▶ What you have to do:
For the entries below, repeat exactly each line starting with the one that contains "cotton-blend jersey hoodie" and going on through the one that contains "วันที่ 8 มกราคม", and no others.

▶ Listed records:
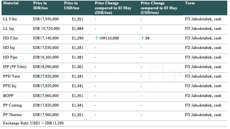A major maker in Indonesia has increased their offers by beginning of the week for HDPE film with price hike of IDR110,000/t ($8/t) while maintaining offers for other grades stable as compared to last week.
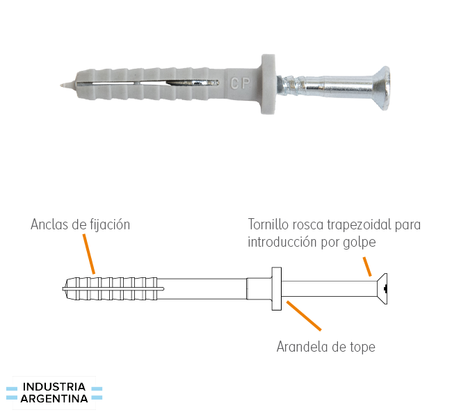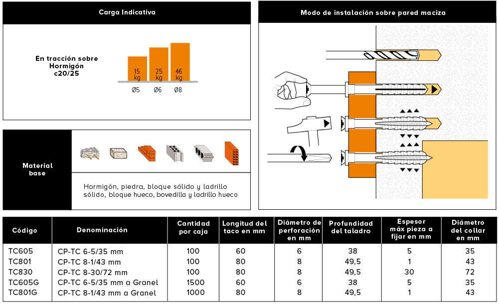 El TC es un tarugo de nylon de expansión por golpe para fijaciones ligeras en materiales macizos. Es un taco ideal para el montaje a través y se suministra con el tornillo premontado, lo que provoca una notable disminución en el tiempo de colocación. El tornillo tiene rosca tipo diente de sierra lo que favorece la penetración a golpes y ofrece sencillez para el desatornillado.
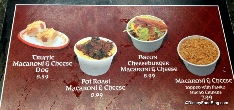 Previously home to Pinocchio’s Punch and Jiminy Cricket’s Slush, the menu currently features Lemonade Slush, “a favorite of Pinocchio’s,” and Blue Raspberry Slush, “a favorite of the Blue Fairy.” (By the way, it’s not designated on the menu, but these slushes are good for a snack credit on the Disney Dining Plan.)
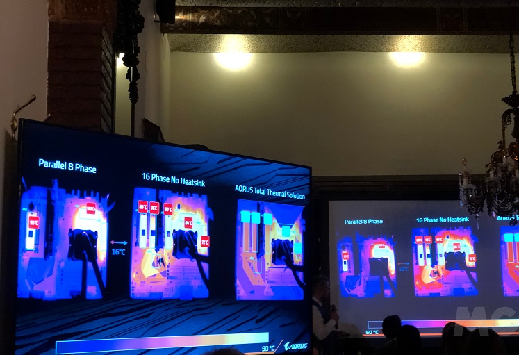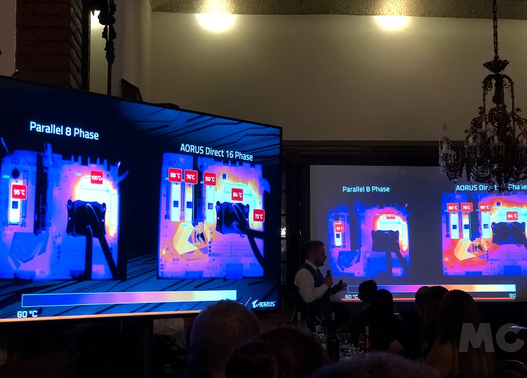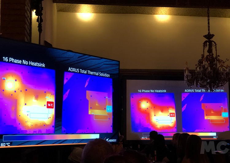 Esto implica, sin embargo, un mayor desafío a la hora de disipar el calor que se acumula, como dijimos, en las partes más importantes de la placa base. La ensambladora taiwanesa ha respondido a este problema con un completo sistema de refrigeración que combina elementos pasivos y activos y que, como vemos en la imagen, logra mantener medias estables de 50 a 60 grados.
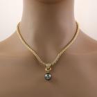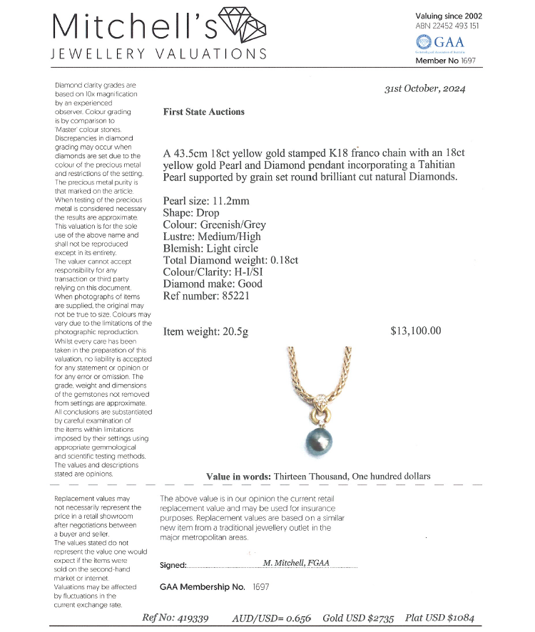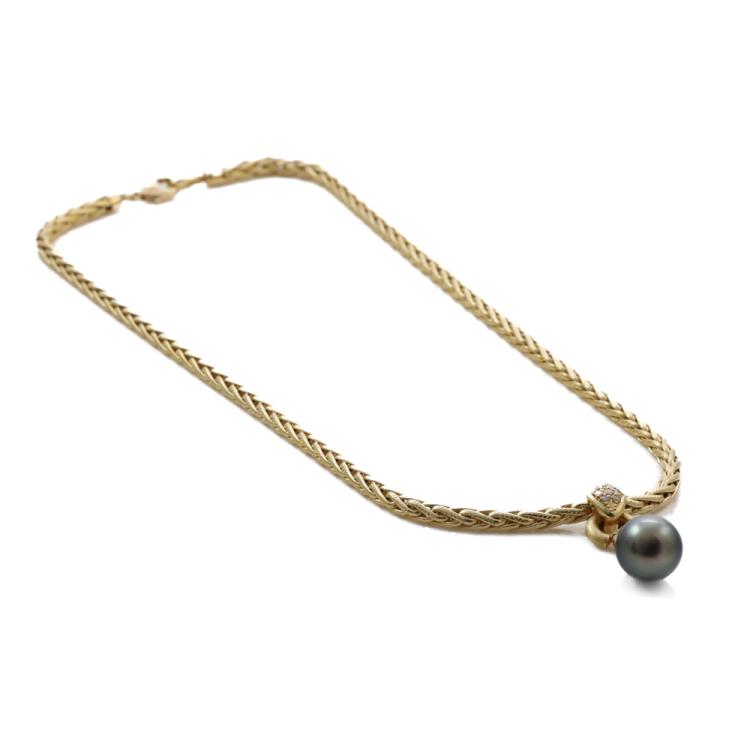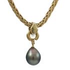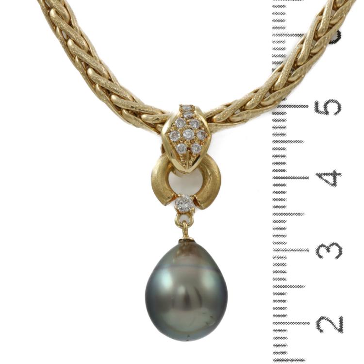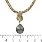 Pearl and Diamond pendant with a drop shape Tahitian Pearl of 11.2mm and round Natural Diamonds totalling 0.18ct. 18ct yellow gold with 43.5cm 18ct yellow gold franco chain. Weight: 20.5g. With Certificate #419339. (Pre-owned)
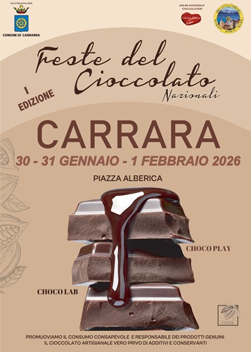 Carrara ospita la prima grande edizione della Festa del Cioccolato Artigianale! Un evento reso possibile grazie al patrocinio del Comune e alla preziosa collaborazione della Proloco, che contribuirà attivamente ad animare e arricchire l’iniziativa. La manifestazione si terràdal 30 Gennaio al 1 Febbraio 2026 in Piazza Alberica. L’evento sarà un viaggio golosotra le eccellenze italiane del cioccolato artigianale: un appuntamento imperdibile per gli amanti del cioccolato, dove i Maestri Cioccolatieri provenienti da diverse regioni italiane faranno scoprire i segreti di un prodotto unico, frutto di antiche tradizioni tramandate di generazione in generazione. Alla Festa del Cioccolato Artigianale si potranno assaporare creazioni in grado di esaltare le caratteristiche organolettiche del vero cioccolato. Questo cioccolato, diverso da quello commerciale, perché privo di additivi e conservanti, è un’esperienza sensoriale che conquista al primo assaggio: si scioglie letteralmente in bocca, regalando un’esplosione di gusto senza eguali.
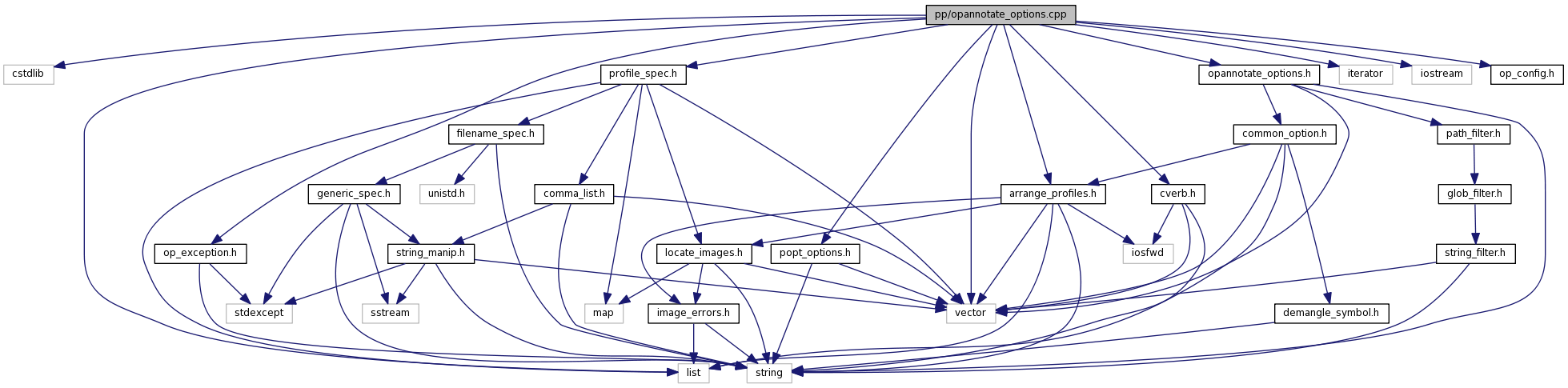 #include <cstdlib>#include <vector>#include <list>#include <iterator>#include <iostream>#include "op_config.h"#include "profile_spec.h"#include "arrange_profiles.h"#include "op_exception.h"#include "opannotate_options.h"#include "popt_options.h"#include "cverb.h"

---

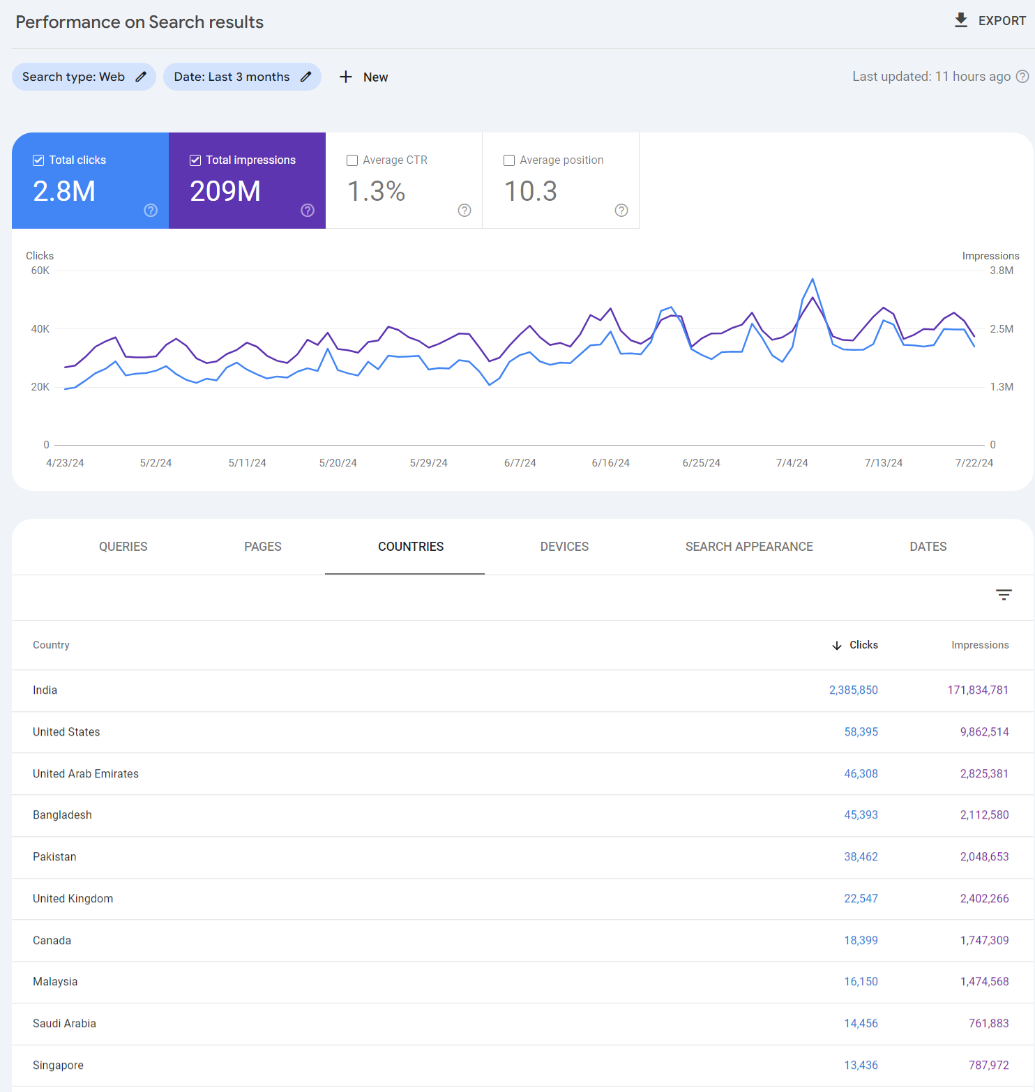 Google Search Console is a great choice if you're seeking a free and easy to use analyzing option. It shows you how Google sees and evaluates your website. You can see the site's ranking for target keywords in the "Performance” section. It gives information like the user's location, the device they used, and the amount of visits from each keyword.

---

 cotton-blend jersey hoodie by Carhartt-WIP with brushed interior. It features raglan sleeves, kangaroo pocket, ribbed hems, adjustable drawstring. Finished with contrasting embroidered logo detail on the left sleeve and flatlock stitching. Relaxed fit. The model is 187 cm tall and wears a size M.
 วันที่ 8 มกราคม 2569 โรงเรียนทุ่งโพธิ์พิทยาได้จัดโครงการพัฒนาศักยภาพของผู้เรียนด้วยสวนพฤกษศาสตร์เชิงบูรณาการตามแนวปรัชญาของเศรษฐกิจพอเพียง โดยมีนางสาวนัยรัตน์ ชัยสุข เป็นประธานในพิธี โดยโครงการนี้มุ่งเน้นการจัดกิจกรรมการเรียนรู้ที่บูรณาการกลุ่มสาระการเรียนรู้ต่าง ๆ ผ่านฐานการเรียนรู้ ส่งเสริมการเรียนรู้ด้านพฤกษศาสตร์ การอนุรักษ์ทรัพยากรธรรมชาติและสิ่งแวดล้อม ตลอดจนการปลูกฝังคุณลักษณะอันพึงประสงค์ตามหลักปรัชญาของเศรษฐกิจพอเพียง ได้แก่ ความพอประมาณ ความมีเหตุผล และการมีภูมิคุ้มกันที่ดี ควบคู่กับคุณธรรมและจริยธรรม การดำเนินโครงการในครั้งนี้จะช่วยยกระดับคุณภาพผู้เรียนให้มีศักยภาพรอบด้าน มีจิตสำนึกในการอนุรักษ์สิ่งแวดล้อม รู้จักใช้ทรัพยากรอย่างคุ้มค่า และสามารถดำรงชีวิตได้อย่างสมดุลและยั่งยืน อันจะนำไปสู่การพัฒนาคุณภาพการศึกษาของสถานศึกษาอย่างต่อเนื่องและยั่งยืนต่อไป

▶ Reply:
 cotton-blend jersey hoodie by Carhartt-WIP with brushed interior. It features raglan sleeves, kangaroo pocket, ribbed hems, adjustable drawstring. Finished with contrasting embroidered logo detail on the left sleeve and flatlock stitching. Relaxed fit. The model is 187 cm tall and wears a size M.
 วันที่ 8 มกราคม 2569 โรงเรียนทุ่งโพธิ์พิทยาได้จัดโครงการพัฒนาศักยภาพของผู้เรียนด้วยสวนพฤกษศาสตร์เชิงบูรณาการตามแนวปรัชญาของเศรษฐกิจพอเพียง โดยมีนางสาวนัยรัตน์ ชัยสุข เป็นประธานในพิธี โดยโครงการนี้มุ่งเน้นการจัดกิจกรรมการเรียนรู้ที่บูรณาการกลุ่มสาระการเรียนรู้ต่าง ๆ ผ่านฐานการเรียนรู้ ส่งเสริมการเรียนรู้ด้านพฤกษศาสตร์ การอนุรักษ์ทรัพยากรธรรมชาติและสิ่งแวดล้อม ตลอดจนการปลูกฝังคุณลักษณะอันพึงประสงค์ตามหลักปรัชญาของเศรษฐกิจพอเพียง ได้แก่ ความพอประมาณ ความมีเหตุผล และการมีภูมิคุ้มกันที่ดี ควบคู่กับคุณธรรมและจริยธรรม การดำเนินโครงการในครั้งนี้จะช่วยยกระดับคุณภาพผู้เรียนให้มีศักยภาพรอบด้าน มีจิตสำนึกในการอนุรักษ์สิ่งแวดล้อม รู้จักใช้ทรัพยากรอย่างคุ้มค่า และสามารถดำรงชีวิตได้อย่างสมดุลและยั่งยืน อันจะนำไปสู่การพัฒนาคุณภาพการศึกษาของสถานศึกษาอย่างต่อเนื่องและยั่งยืนต่อไป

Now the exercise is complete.